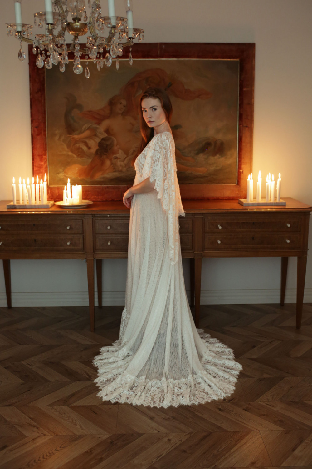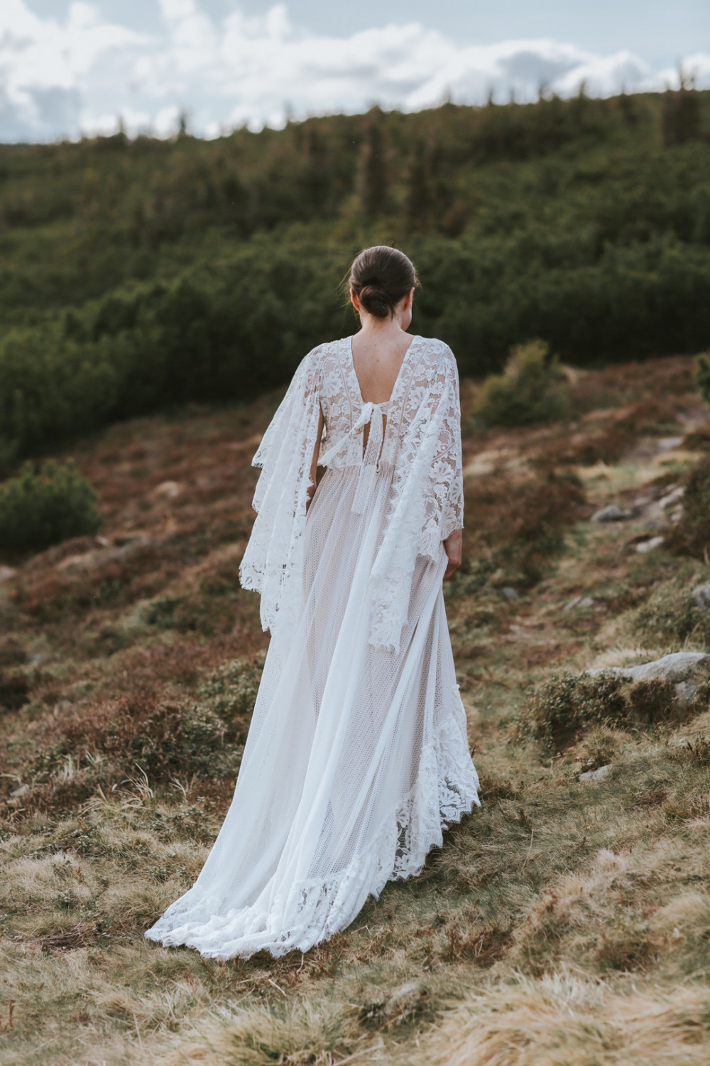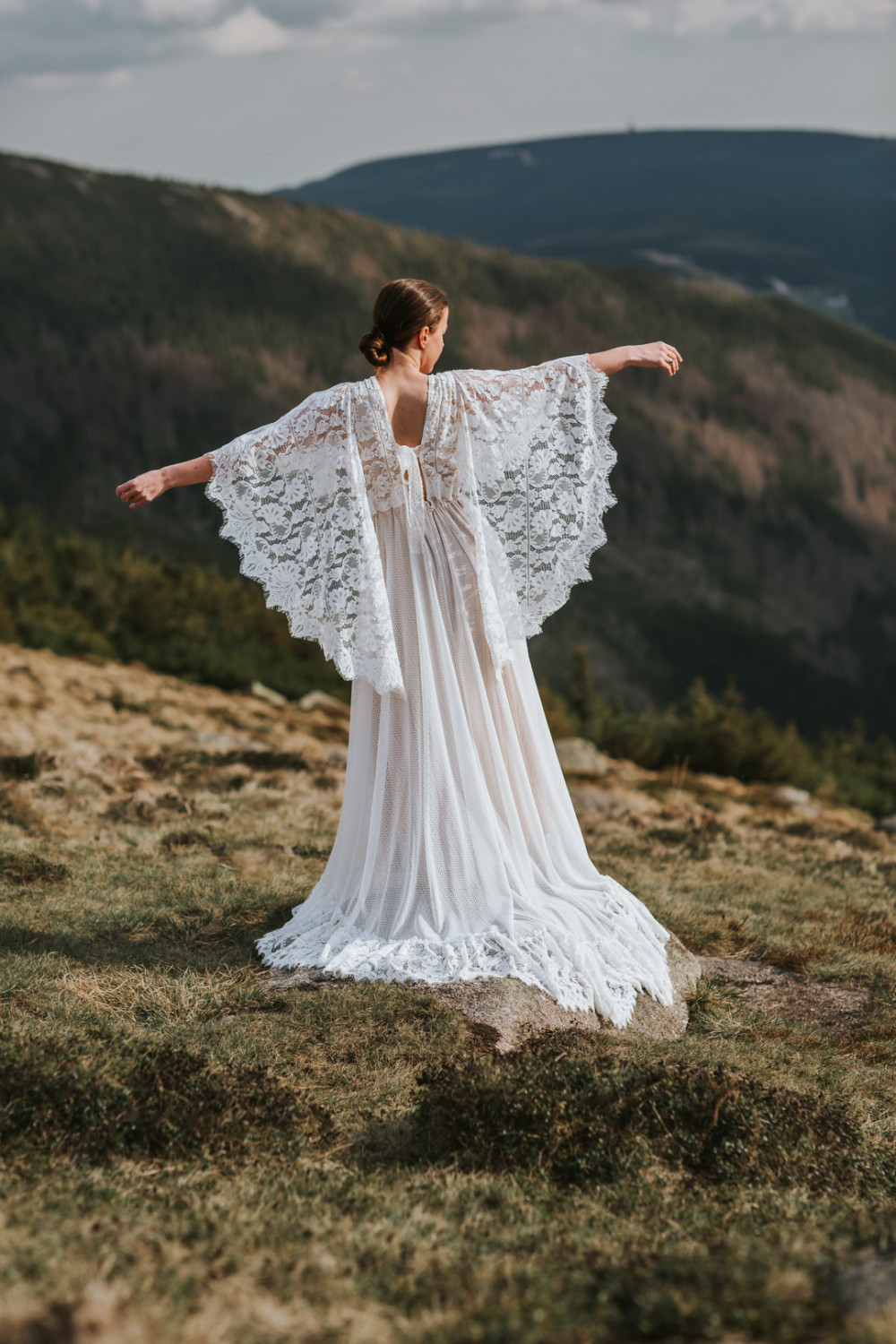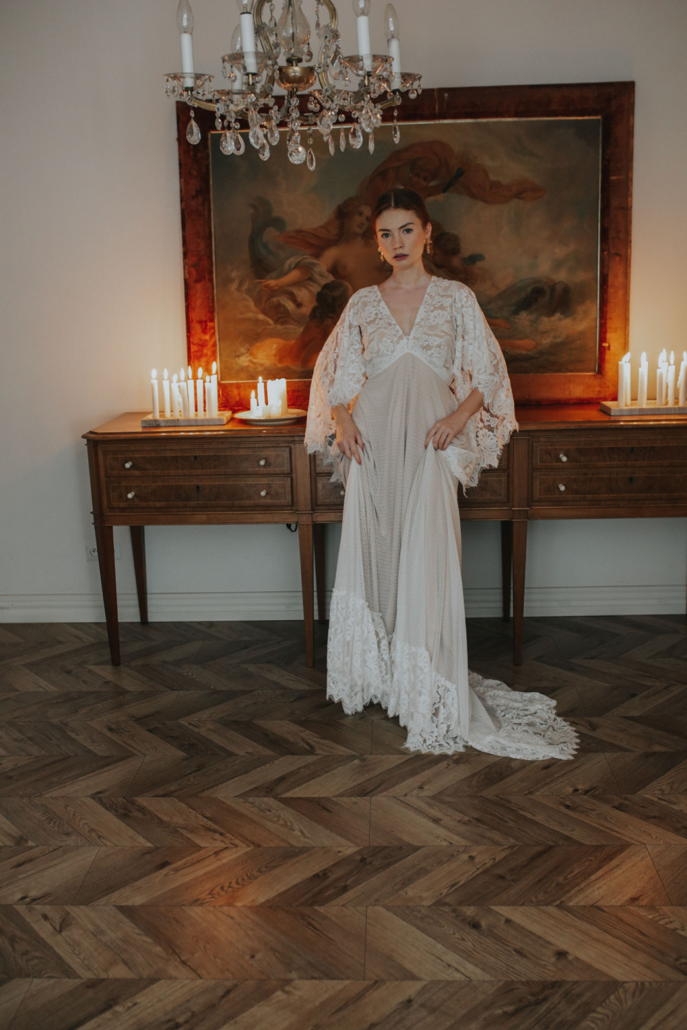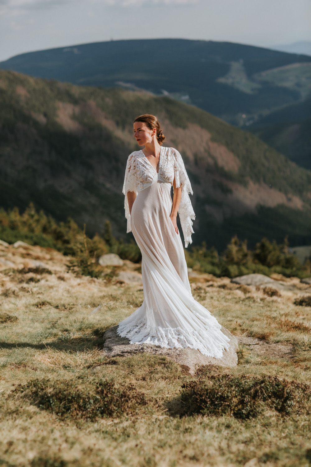 Suknia ślubna Julia to połączenie romantyzmu i artystycznej lekkości. Jej wyjątkowy krój z motylkowymi rękawamizachwyca subtelnym ruchem przy każdym geście, tworząc efekt niezwykłej miękkości i kobiecego wdzięku.
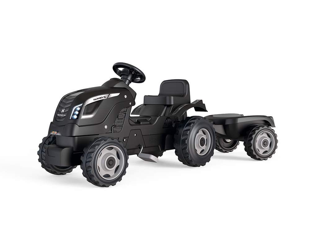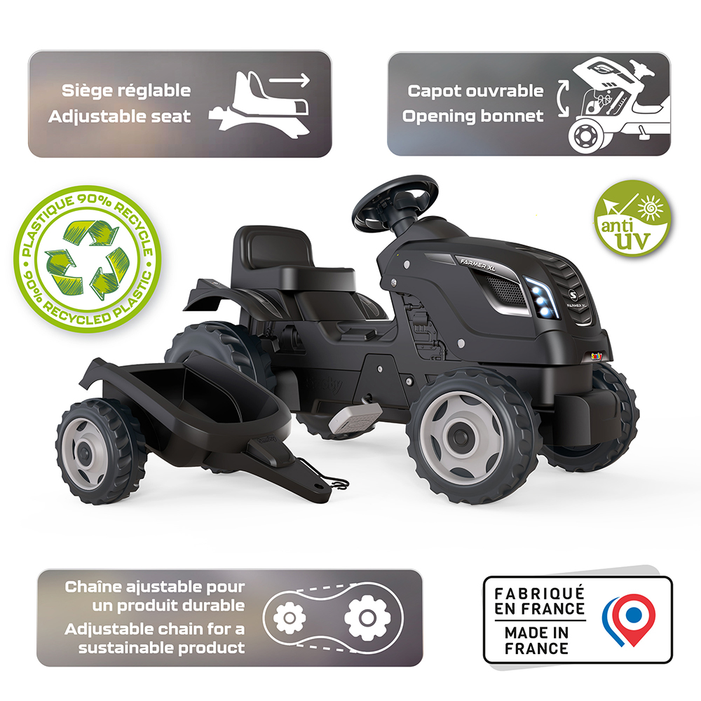 The Farmer XL Black Tractor with Trailer is a great toy for little aspiring farmers! This pedal tractor with removable trailer offers realistic looks so your child can immerse themselves in the farming world. The seat adjustment makes it easy to use for all children. Plus, the front hood opens and the steering wheel has a horn. Your child will love playing with this tractor and trailer, imagining exciting farm work scenarios!
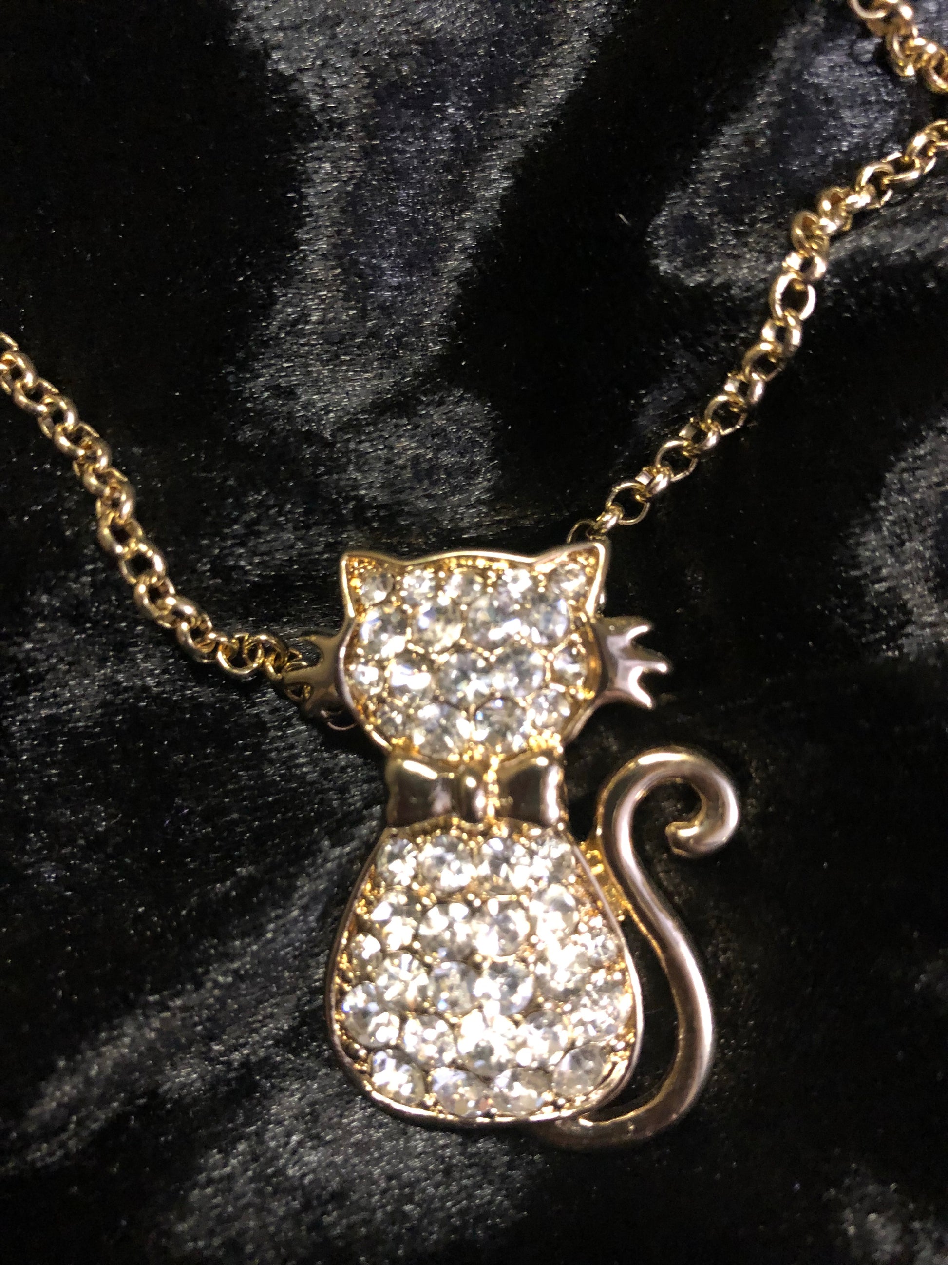 This sparkly rhinestone-encrusted kitty necklace is adorable for any cat-lover! Measures 1.75”x 1” with 18” of chain.
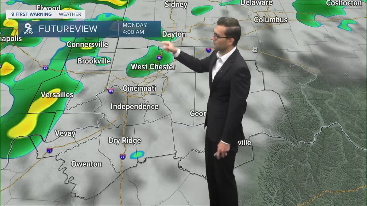 Tomorrow, the warm-up really kicks in! It’ll be mostly sunny skies and highs into the low to mid 80s as a mid-level ridge builds over the Ohio Valley, which supports that warmer setup. Sunday night brings a slight chance of showers after 2 AM with a low around 67.
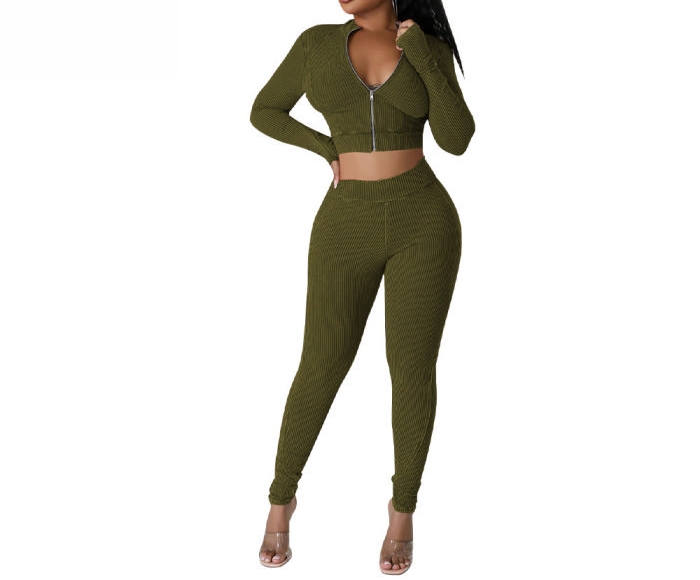 (Green)2023 Styles Women Sexy&Fashion Autumn/Winter TikTok&Instagram Styles Front Zipper Two Piece SuitSKU: #OEM6001-3

--

● **Problem**:
In your copy of the listing above, every line must match exactly and no picture may appear.

● **Response below**:
 Suknia ślubna Julia to połączenie romantyzmu i artystycznej lekkości. Jej wyjątkowy krój z motylkowymi rękawamizachwyca subtelnym ruchem przy każdym geście, tworząc efekt niezwykłej miękkości i kobiecego wdzięku.
 The Farmer XL Black Tractor with Trailer is a great toy for little aspiring farmers! This pedal tractor with removable trailer offers realistic looks so your child can immerse themselves in the farming world. The seat adjustment makes it easy to use for all children. Plus, the front hood opens and the steering wheel has a horn. Your child will love playing with this tractor and trailer, imagining exciting farm work scenarios!
 This sparkly rhinestone-encrusted kitty necklace is adorable for any cat-lover! Measures 1.75”x 1” with 18” of chain.
 Tomorrow, the warm-up really kicks in! It’ll be mostly sunny skies and highs into the low to mid 80s as a mid-level ridge builds over the Ohio Valley, which supports that warmer setup. Sunday night brings a slight chance of showers after 2 AM with a low around 67.
 (Green)2023 Styles Women Sexy&Fashion Autumn/Winter TikTok&Instagram Styles Front Zipper Two Piece SuitSKU: #OEM6001-3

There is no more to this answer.